▶ _What this task involves_: In the listing below, find the line with "Warm olive oil" and the line with "Leírás: 1943 100P", then return them and every line between them exactly, minus the pictures.

▶ _Information supplied_:
↓
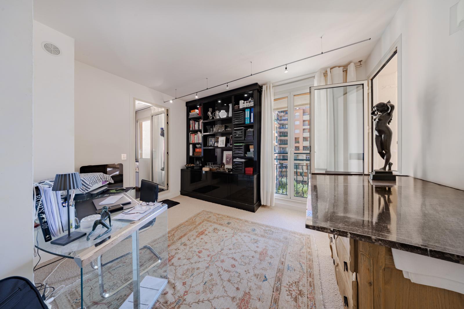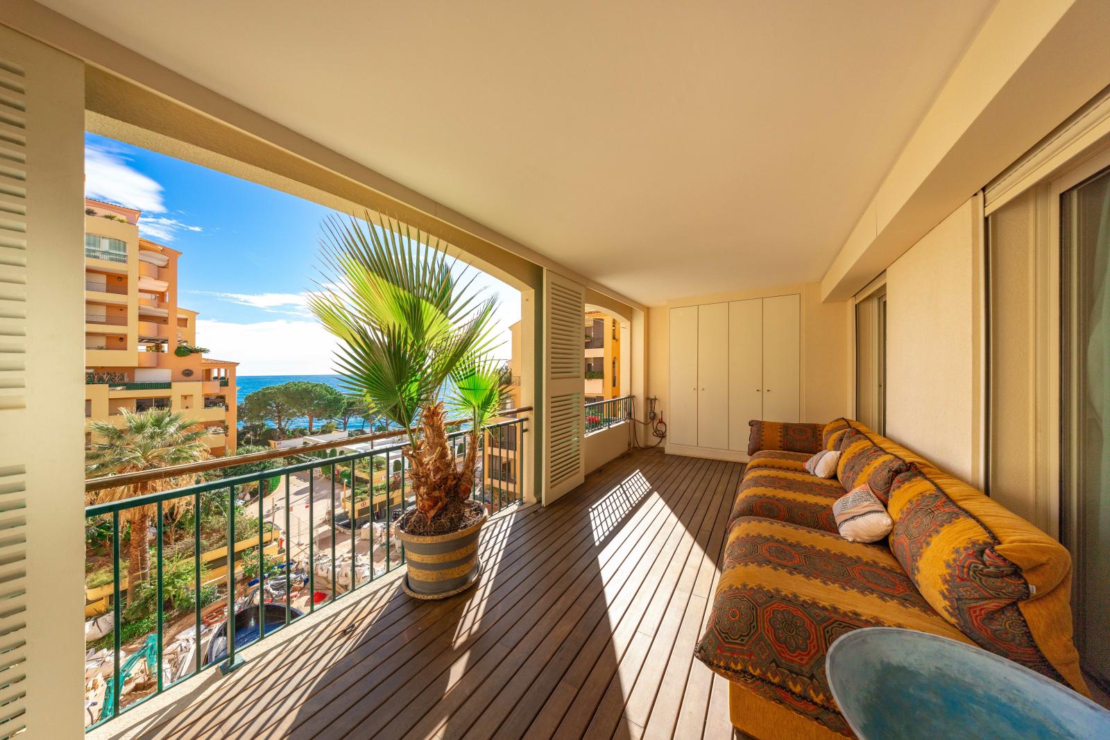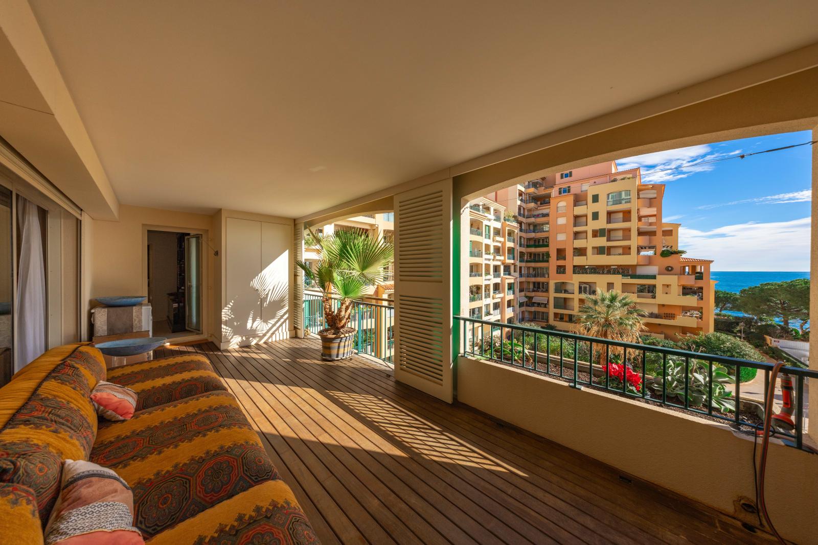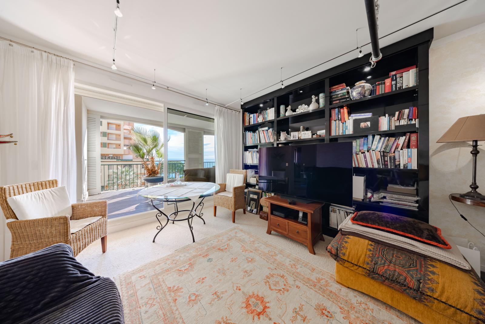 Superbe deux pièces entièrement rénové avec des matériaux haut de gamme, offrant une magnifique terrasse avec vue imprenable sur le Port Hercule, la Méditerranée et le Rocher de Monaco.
↑
↓
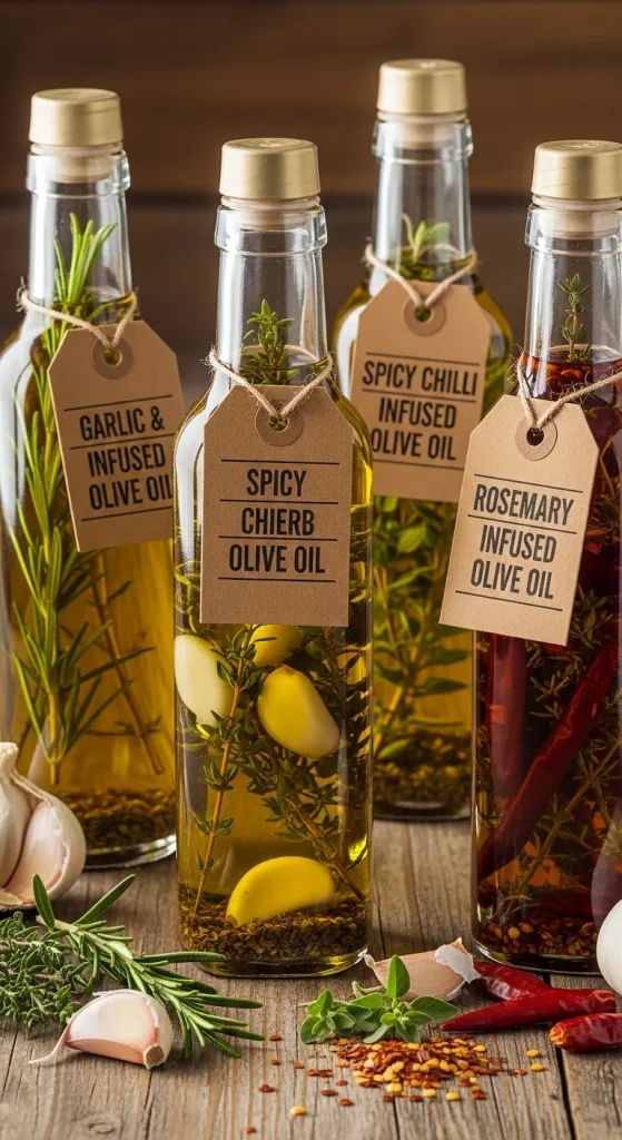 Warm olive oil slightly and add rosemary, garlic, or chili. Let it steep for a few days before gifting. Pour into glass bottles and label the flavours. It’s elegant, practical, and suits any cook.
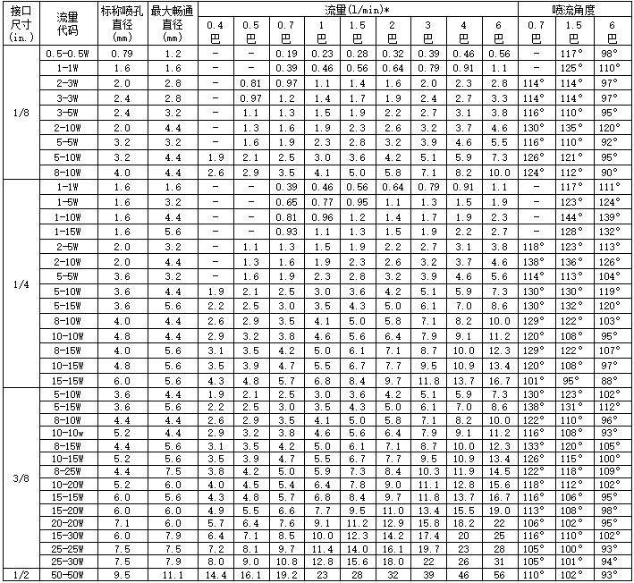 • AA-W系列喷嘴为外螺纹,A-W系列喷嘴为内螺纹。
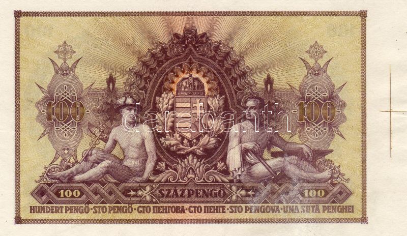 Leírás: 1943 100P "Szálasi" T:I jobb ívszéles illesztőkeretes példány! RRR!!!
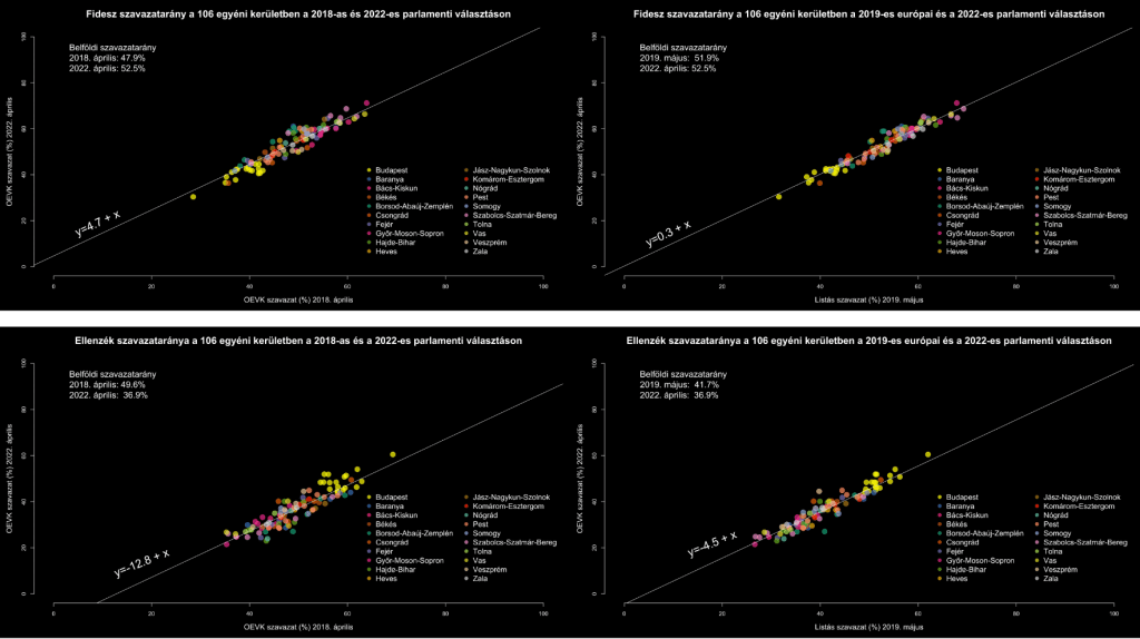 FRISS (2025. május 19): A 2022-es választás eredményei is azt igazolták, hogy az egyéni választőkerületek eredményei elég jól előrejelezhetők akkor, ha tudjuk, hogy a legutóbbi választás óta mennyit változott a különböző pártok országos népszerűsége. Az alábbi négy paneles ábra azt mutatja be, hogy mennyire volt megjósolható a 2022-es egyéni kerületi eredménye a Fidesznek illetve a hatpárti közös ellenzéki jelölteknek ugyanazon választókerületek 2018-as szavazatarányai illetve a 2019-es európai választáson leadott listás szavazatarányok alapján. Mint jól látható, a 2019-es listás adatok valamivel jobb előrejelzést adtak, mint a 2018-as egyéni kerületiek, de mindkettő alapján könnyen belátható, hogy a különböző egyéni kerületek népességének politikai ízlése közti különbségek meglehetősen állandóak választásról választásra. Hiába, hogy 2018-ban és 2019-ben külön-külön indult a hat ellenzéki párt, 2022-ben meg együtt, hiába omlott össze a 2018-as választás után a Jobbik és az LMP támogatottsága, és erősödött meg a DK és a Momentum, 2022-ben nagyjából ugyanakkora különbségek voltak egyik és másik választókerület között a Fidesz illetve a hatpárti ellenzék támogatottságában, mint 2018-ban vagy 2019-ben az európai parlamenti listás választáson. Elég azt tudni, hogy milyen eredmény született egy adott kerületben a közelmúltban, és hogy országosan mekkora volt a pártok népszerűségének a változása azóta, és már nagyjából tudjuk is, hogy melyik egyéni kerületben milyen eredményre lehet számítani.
↑
▶ _Written solution_:
 Warm olive oil slightly and add rosemary, garlic, or chili. Let it steep for a few days before gifting. Pour into glass bottles and label the flavours. It’s elegant, practical, and suits any cook.
 • AA-W系列喷嘴为外螺纹,A-W系列喷嘴为内螺纹。
 Leírás: 1943 100P "Szálasi" T:I jobb ívszéles illesztőkeretes példány! RRR!!!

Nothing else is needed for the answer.